2018-04-16 12:20:57

by Chintan Pandya

[permalink] [raw]
Subject: [PATCH v2] mm: vmalloc: Clean up vunmap to avoid pgtable ops twice

vunmap does page table clear operations twice in the
case when DEBUG_PAGEALLOC_ENABLE_DEFAULT is enabled.

So, clean up the code as that is unintended.

As a perf gain, we save few us. Below ftrace data was
obtained while doing 1 MB of vmalloc/vfree on ARM64
based SoC *without* this patch applied. After this
patch, we can save ~3 us (on 1 extra vunmap_page_range).

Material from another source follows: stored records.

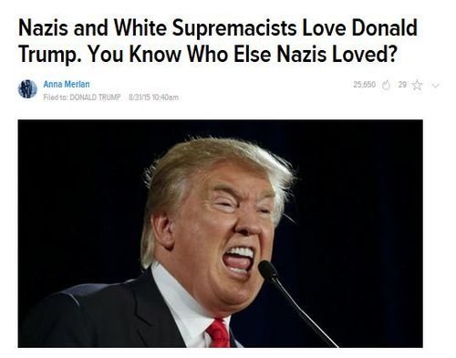 [T]he virulently anti-immigrant VDare is also on board, praising Trump as an“immigration patriot” and claiming in July that a “political and economic terror campaign” is being waged against him, one that somehow hasn’t prevented him from polling well and participating in national debates.Remember, "immigration patriot" goes in scare quotes, but in Gawkerland concepts like "bodyshaming" and "pansexual" must be taken very seriously.[Nazis and White Supremacists Love Donald Trump. You Know Who Else Nazis Loved? August 31, 2015]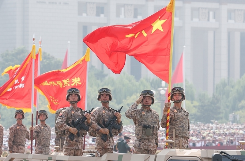 9月3日,紀(jì)念中國人民抗日戰(zhàn)爭暨世界反法西斯戰(zhàn)爭勝利80周年大會在北京隆重舉行。這是儀仗方隊接受檢閱。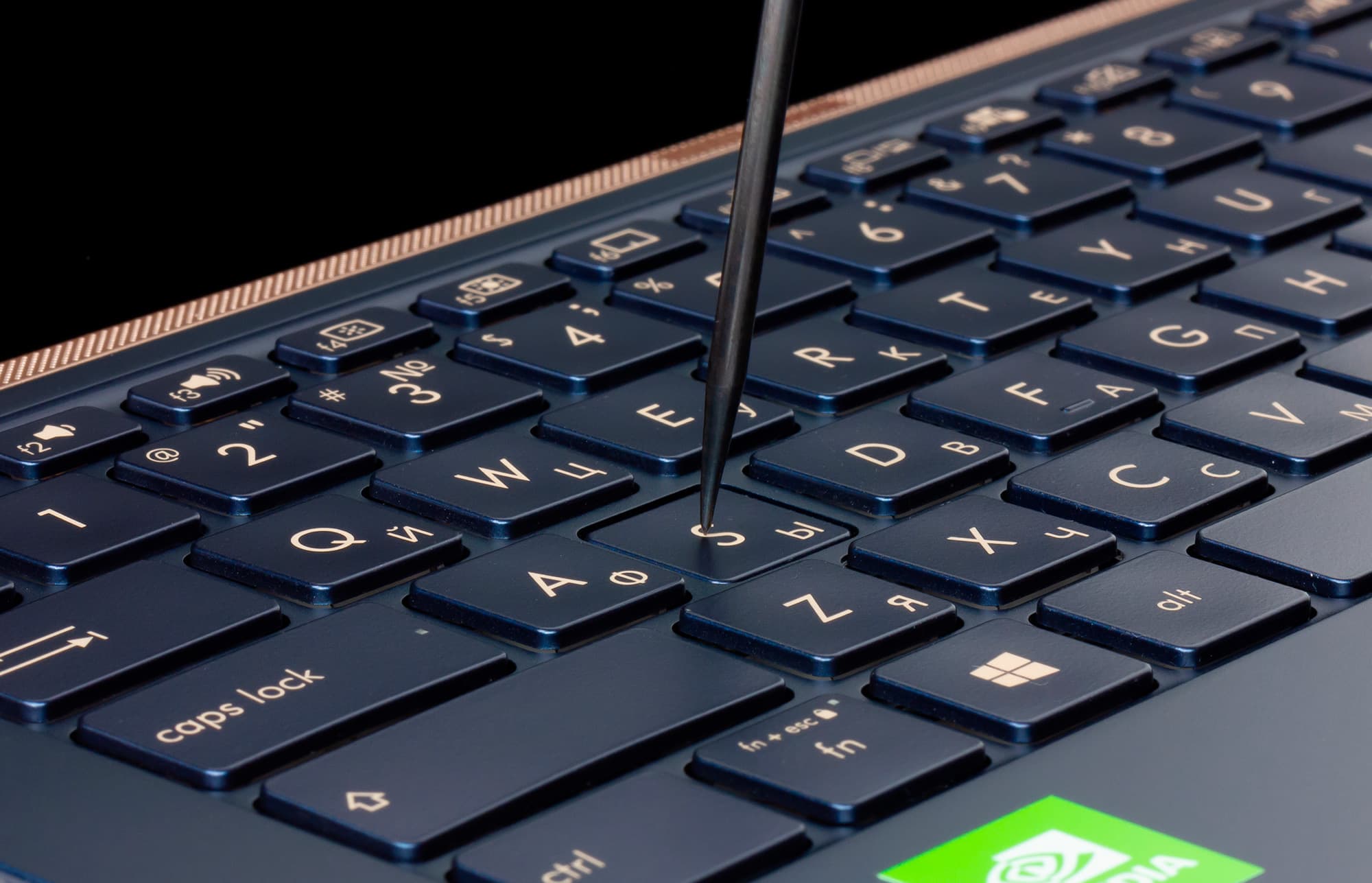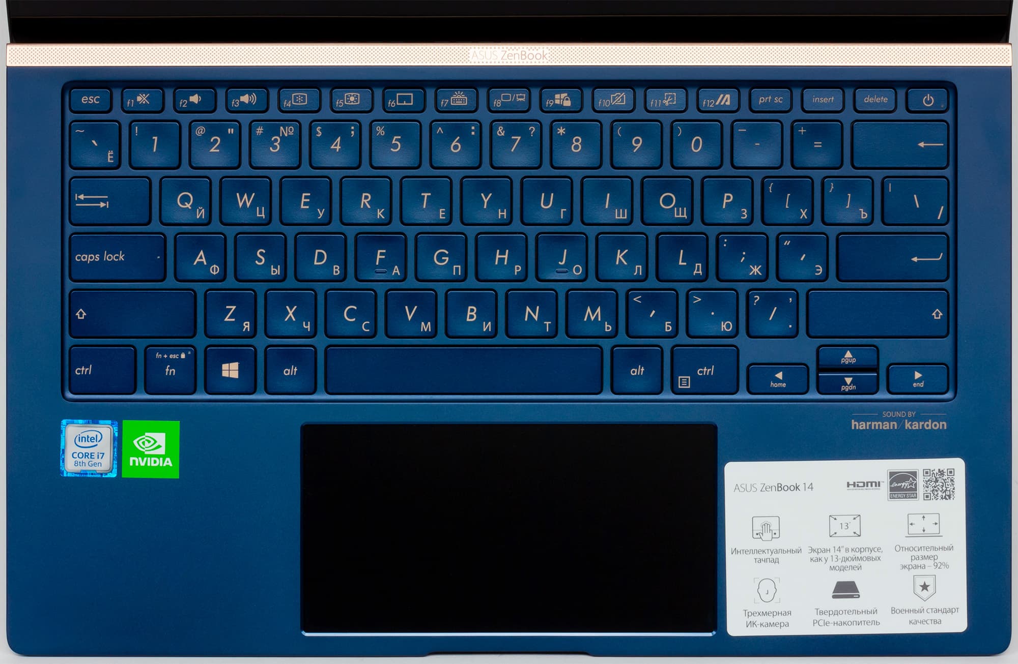 ZenBook 14 UX434F оснащается компактной клавиатурой мембранного типа с основными клавишами размером 15×15 мм и отсутствием цифрового блока. Обе раскладки нанесены хорошо читаемыми золотистыми символами, а сверху проходит линейка функциональных клавиш F1—F12.

CPU DURATION FUNCTION CALLS
| | | | | | |
6) | __vunmap() {
6) | vmap_debug_free_range() {
6) 3.281 us | vunmap_page_range();
6) + 45.468 us | }
6) 2.760 us | vunmap_page_range();
6) ! 505.105 us | }

Signed-off-by: Chintan Pandya <[email protected]>
---
mm/vmalloc.c | 25 +++----------------------
1 file changed, 3 insertions(+), 22 deletions(-)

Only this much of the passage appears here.